Most of the tests that will be reclassified are infectious disease and companion diagnostics, which provide information for use with a corresponding drug, the agency said.
As it works to shift the test classifications, the FDA is moving forward with its plan to increase oversight of laboratory-developed tests, over the objections of industry groups including the American Clinical Laboratory Association and American Hospital Association.
Lab-developed tests are designed and used within a single laboratory. The FDA maintains that the risks associated with lab-developed tests have increased since the agency adopted an enforcement-discretion approach to regulating them decades ago.
Last week, FDA Commissioner Robert Califf said finalizing the rule to expand oversight of lab-developed tests is one of the agency’s top priorities.
Most clinical labs currently bypass the FDA altogether by launching their tests as lab-developed tests, Assaraf wrote, noting that the FDA has long maintained it has the authority to regulate the tests.
Former FDA Commissioner Scott Gottlieb, speaking at an event last week, said FDA's plan to loosen its diagnostics classifications should reduce the financial burden on test makers and help get the final rule on lab-developed tests “across the finish line,” Assaraf said.
“Whether or not FDA moves forward with its rule-making, we think Congress will need to step in at some point to give FDA explicit authority to regulate LDTs,” the analyst wrote.

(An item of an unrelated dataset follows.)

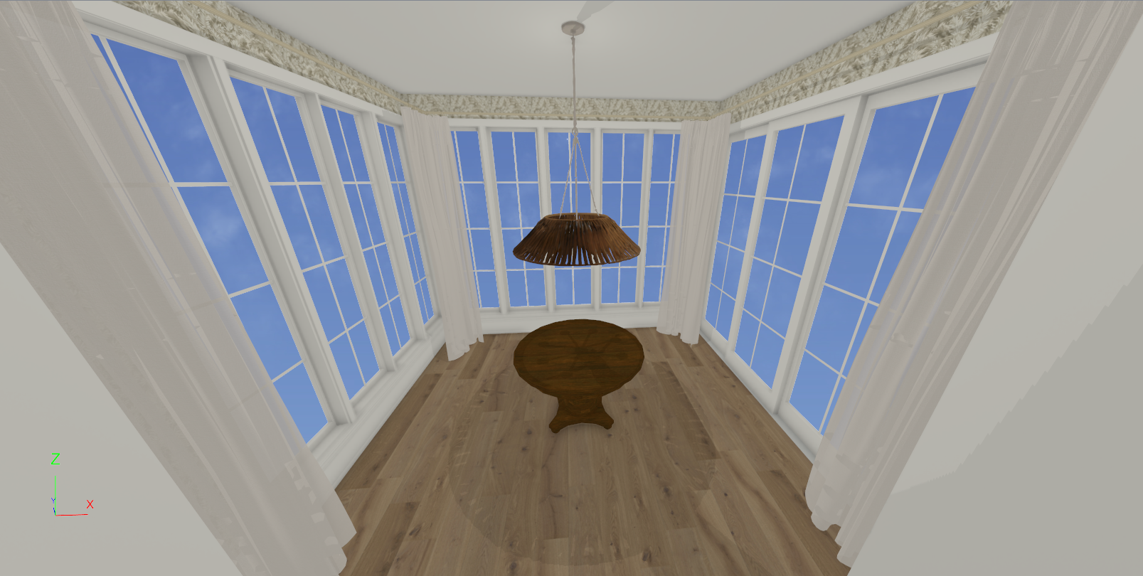 add hydrangea gardens outside windows and nice green backyard in the distance the lighting fixture is the corinne 44 from visual comfort lighting add chairs and decor

The FDA said that in addition to the reclassification process, it would continue to take a risk-based approach in the initial classification of individual IVDs to determine the appropriate level of regulatory controls and whether a new test may be classified into class II through the de novo pathway, with special controls established. That approach would be an alternative to classifying a test as class III and subject to the pre-market approval pathway.
“Based on our experience, we believe that special controls could be developed, along with general controls, that could provide a reasonable assurance of safety and effectiveness for most future companion diagnostic and infectious disease IVDs. As such they would be regulated as class II devices,” the FDA said.